We don't want to exhaust all of our capital right away. It's a lot less stressful and you don't have to be exactly right to make a fortune.

Also, when they're still deeply undervalued on a relative basis, you don't have to risk nearly as much capital. So you could make 20% in big gold stocks, but you may have missed 50% to 100% in juniors. The juniors are riskier, but the amount of capital required to earn the equivalent nominal gains is less. Risk is always relative to a lot more factors than simple percentage moves, positions sizes are as equally important.

TGR: When you're looking at juniors, do you differentiate between current producers and near-term producers? Or joint-venture models versus royalty companies?

Andrew Mickey: Most of our valuations are based on traditional metrics such as net present value of future cash flows for producers. Of course, once a company is producing and we know much gold it is producing, there's a clear way to value it through the cash flow model. That's how the big money values things, so that's how you have to do it.

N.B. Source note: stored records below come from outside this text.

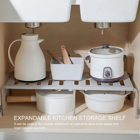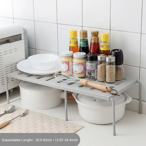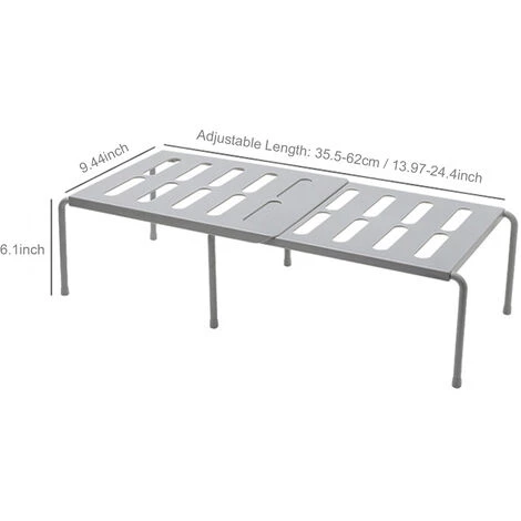 Das Schrankregal kann horizontal von 13,97 bis 24,4 Zoll erweitert werden, um Ihren unterschiedlichen Anforderungen gerecht zu werden. Ideal zum Organisieren von Tellern, Tassen, Flaschen und Dosen in Ihrem Schrank, Ihrer Arbeitsplatte oder sogar Ihrem Kühlschrank. Es kann in der Küche, im Bad oder im Schrank verwendet werden, um mehr Platz zu sparen und Ihre Kleinigkeiten zu organisieren.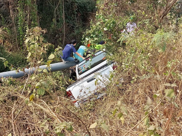 จึงประสานหน่วยกู้ภัยในพื้นที่หลายหน่วยรุดไปยังที่เกิดเหตุ พบรถยนต์ ยี่ห้อ Isuzu D-Max หมายเลข 8601 ตาก พบชาย 2 คนติดอยู่ในรถยนต์ อายุประมาณ 30 ปี ได้รับบาดเจ็บสาหัส จึงช่วยเหลือคนแรกเป็นผู้โดยสารออกมาจากก่อน และทำการปฐมพยาบาลเบื้องต้น ต่อมาได้ช่วยเหลืออีกคน โดยเจ้าหน้าที่ต้องใช้เครื่องตัดถ่างนำผู้ได้รับบาดเจ็บออกมาอย่างทุลักทุเล ใช้เวลาร่วม 1 ชั่วโมง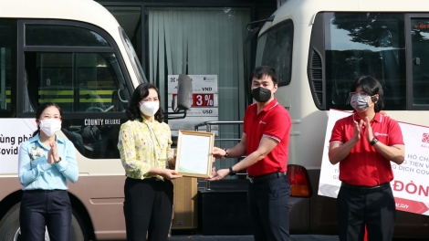 (VOVWORLD) - 8월 17일 오전 호찌민시 코로나19 방역 기금 접수 및 분배 위원회는 BRG그룹과 SeABank가 기부한 100억 동 상당의 29인승 카운티 차량 10대를 수령하고 전달했다.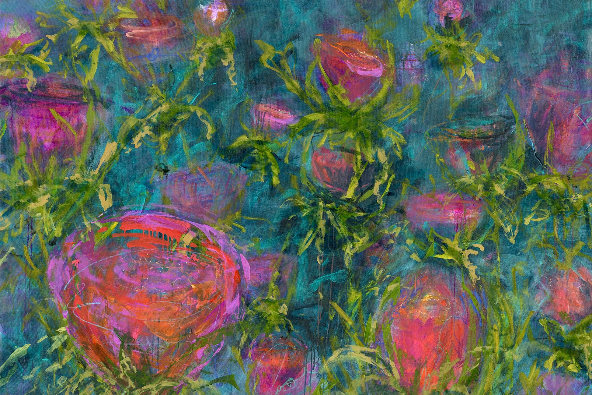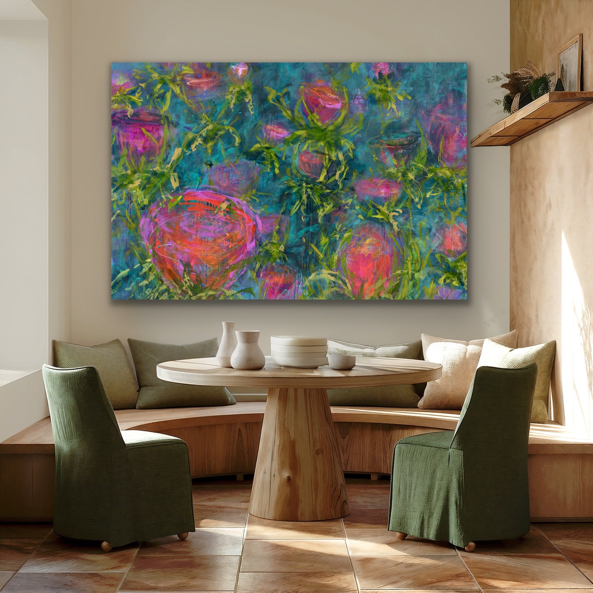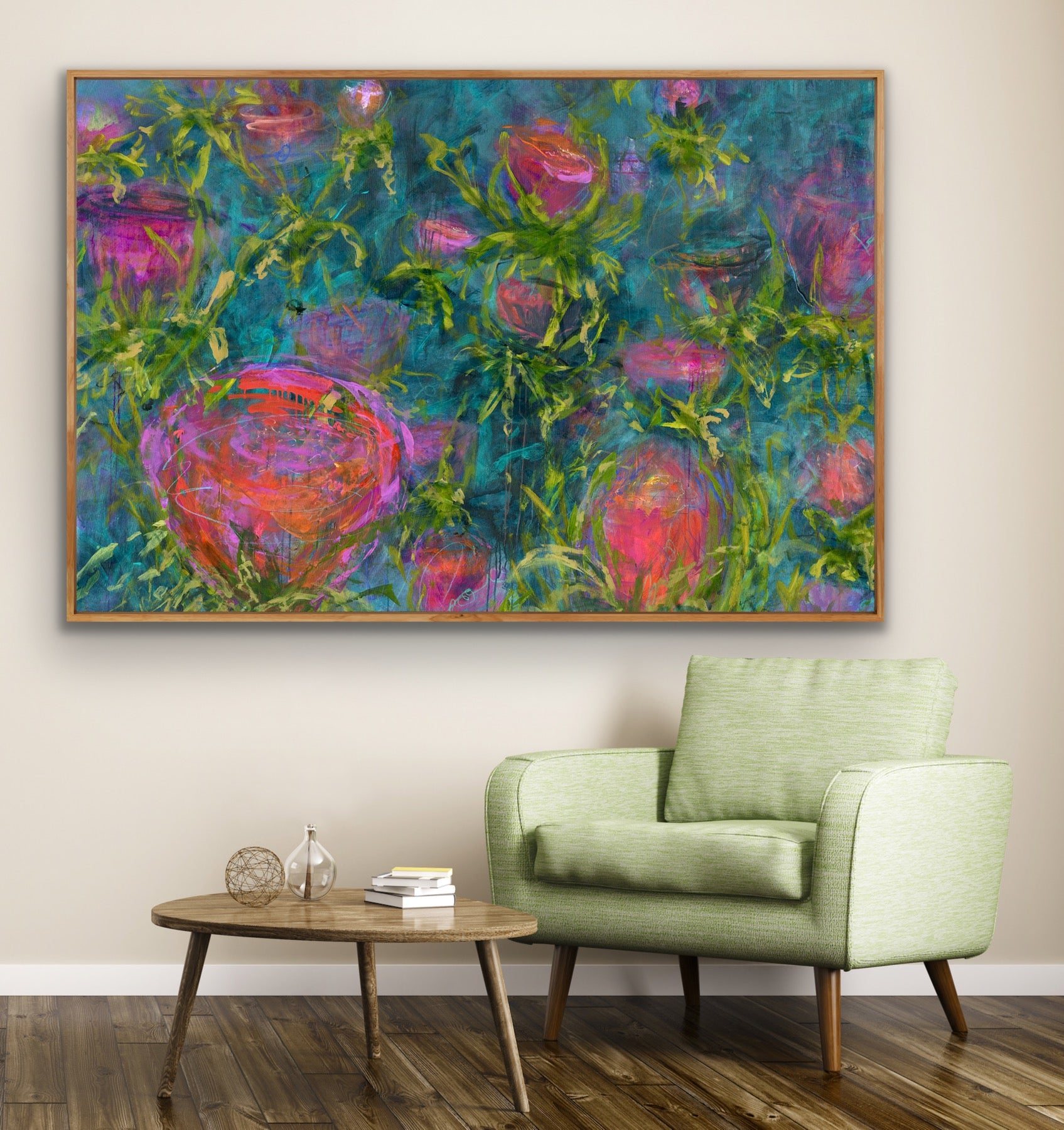 Brighten up your walls (and mood) with Blooms, a large and lively abstract painting featuring vibrant flowers in a contemporary style. Give your space a pop of color and fun with this unique piece.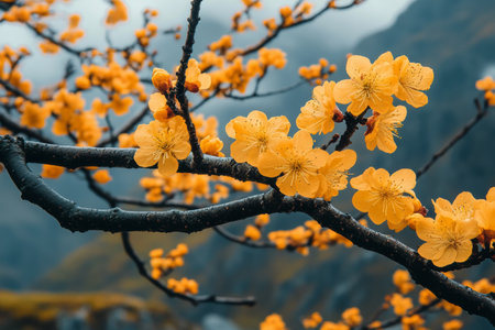 Delicate yellow flowers scatter across branches, showcasing their beauty against a blurred backdrop of mountains and traditional architecture, creating a tranquil atmosphere.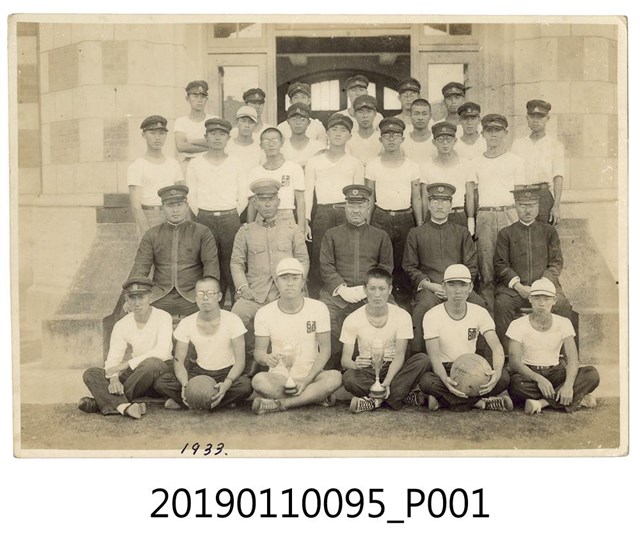 1933年台中師範學校學生獲得排球比賽優勝與教師合影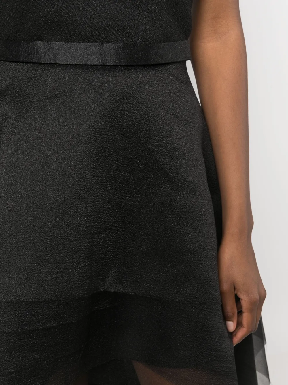 Черный, органза, многослойный дизайн, цветочная аппликация, вставки с оборками и асимметричный подол.

If you really want to swing for something with just a little bit more upside potential, maybe you select a near-term producer. There's a lot more room to value them differently because as the big money managers continue to look at gold, they're going to have to come up with ways to value those stocks.

Think of it like the dot-com days. If a company had earnings, there was a way to value it traditionally. But if a company didn't even have a chance of being profitable, traders and investors would come up with all kinds of ridiculous ways to justify lofty prices and bid them up even more. That's why the worse a company was fundamentally, the better it actually did.

That happens in all euphoric bubbles. And when it does, it will feel great, but that's also the time to start taking money off the table.